The next step will be preparing some code that monitors our endpoint:

from prometheus_client import Histogram

HTTP_REQUEST_DURATION = Histogram(
    "http_request_duration",
    "Requests durations",
    ["method", "url", "code"],
    buckets=[0.01, 0.1, 0.5, 2, float("inf")],
)

def observe_http(func):
    def wrapper(*args, **kwargs):
        start = time.time()
        response = func(*args, **kwargs)
        end = time.time()
        HTTP_REQUEST_DURATION.labels(
            method=request.method,
            code=response.status_code,
            url=request.url,
        ).observe(end - start)
        return response
    return wrapper

@app.route("/synthetic")
@observe_http
def synthetic():
    ...

The HTTP /synthetic endpoint is decorated by observe_http function that collects HTTP_REQUEST_DURATION metric. For our histogram we declared:

three labels: method, code, url (that metric can be grouped by)
five buckets:
- less than 10ms
- less than 100ms
- less than 500ms
- less than 2s
- less than infinity

The above histogram provides us with a metric for each bucket with _bucket suffix but also _count and _sum metrics.

Service Level Indicator

When designing a solution it is important to specify measurable targets/goals of the working system.
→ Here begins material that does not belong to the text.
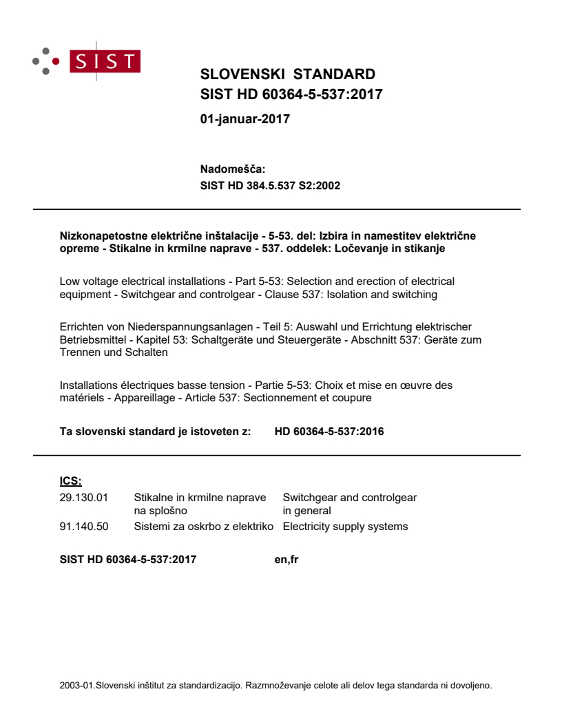 Ta slovenski standard je istoveten z: HD 60364-5-537:2016

These targets can help to determine the level of reliability of the system (e.g. by users).

Service Level Indicator (SLI) is a quantitative measure of some aspects of the level of service that is provided, e.g. number of errors, latency, availability, etc. The RED (Rate, Errors, Duration) method is one of the widely known techniques that can serve as a source of SLIs. It consists of:

Rate - number of requests per second

sum(rate(http_request_duration_count{job="web-app"}[1m]))
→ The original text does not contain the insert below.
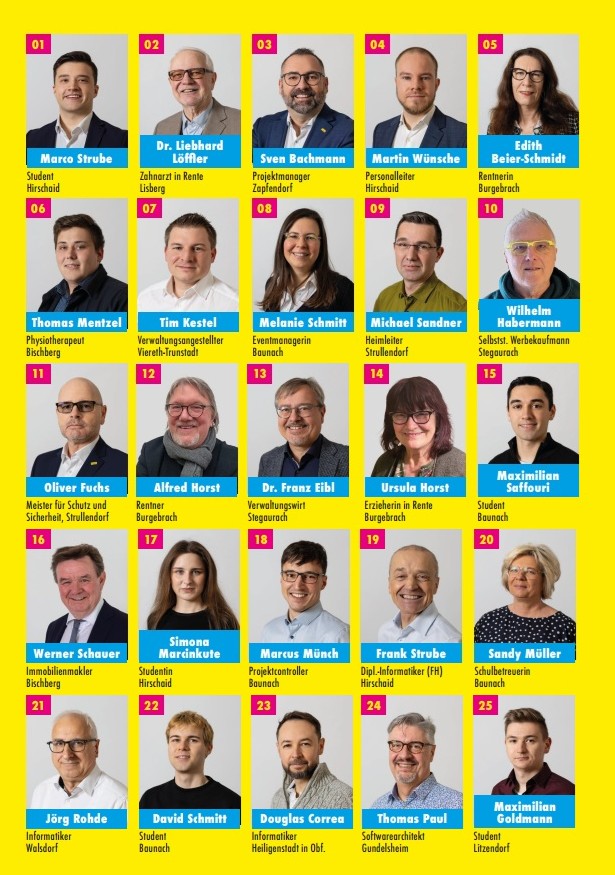 Hier sind sie: Die ersten 25 Kandidatinnen und Kandidaten unserer Kreistagsliste im Landkreis Bamberg! Ihr wollt diese Kandidatinnen und Kandidaten unterstützen? Das geht ganz einfach! Setzt einfach Euer Listenkreuz bei der FDP - und Ihr könnt darüber hinaus Euren Favoriten auch noch persönlich drei Stimmen geben! Insgesamt habt Ihr 60 Stimmen. Am 8. März am besten mit allen Stimmen bei der Kreistagswahl FDP wählen! Für Freiheit, Fortschritt und eine Politik der Verantwortung!

Errors - the number of those requests that are failing

sum(rate(http_request_duration_count{job="web-app",
status_code=~”5..”}[1m]))

Duration - the amount of time those requests take

histogram_quantile(0.99, sum(rate(http_request_duration_bucket
{job="web-app"}[1m])) by (le))

If you want to get more understanding of this approach, I would highly recommend Tom Wilkie talk about how to instrument services.
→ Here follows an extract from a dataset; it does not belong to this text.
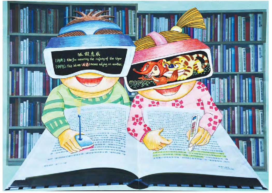 我设计的这款VR智能学习眼镜,配有专门的手持扫描仪和微型翻译器。只要拿着手持扫描仪对着书本上的文字轻轻一扫,文字立刻就会变成生动有趣的动画,瞬间就能提升阅读的趣味性;而微型翻译器就更厉害了,它可以实现全世界多种语言的互译,是学习外语的最佳帮手。

While the RED method can function as an SLI, it is usually recommended (see Google SRE book) to take SLI as the ratio of two numbers: the number of good events (e.g. with a response code different from 5xx) divided by the total number of events. Thanks to it our indicator is always between 0 and 1, and we can easily set a target for our system - Service Level Objective (SLO), e.g 98% requests without errors. It enables us to trigger alerts when our system reaches a level that is below our SLO. The value for SLOs must be carefully chosen to avoid excessive alert calls but guarantee that system is stable at a promised level.

Conclusion

The article has covered the Prometheus server setup, web application exporter, and HTTP traffic metrics. Additionally, the article has introduced the Service Level Indicator (SLI) and Service Level Objective (SLO) concepts, which can help determine the level of reliability of a system.

Although this post covers some aspects of system monitoring based on metrics, there is a lot more that should be done to have an application production ready. Prometheus is a really good tool for metrics gathering. However, it may not best choice for visualization and alerting. For that need, we should probably turn to Grafana and Alertmanager.

All stuff covering Prometheus setup and web application code can be found in the GitHub repo. If you want to dive deeper into Prometheus I strongly recommend this course.

I hope it would be helpful.

Written on March 3, 2023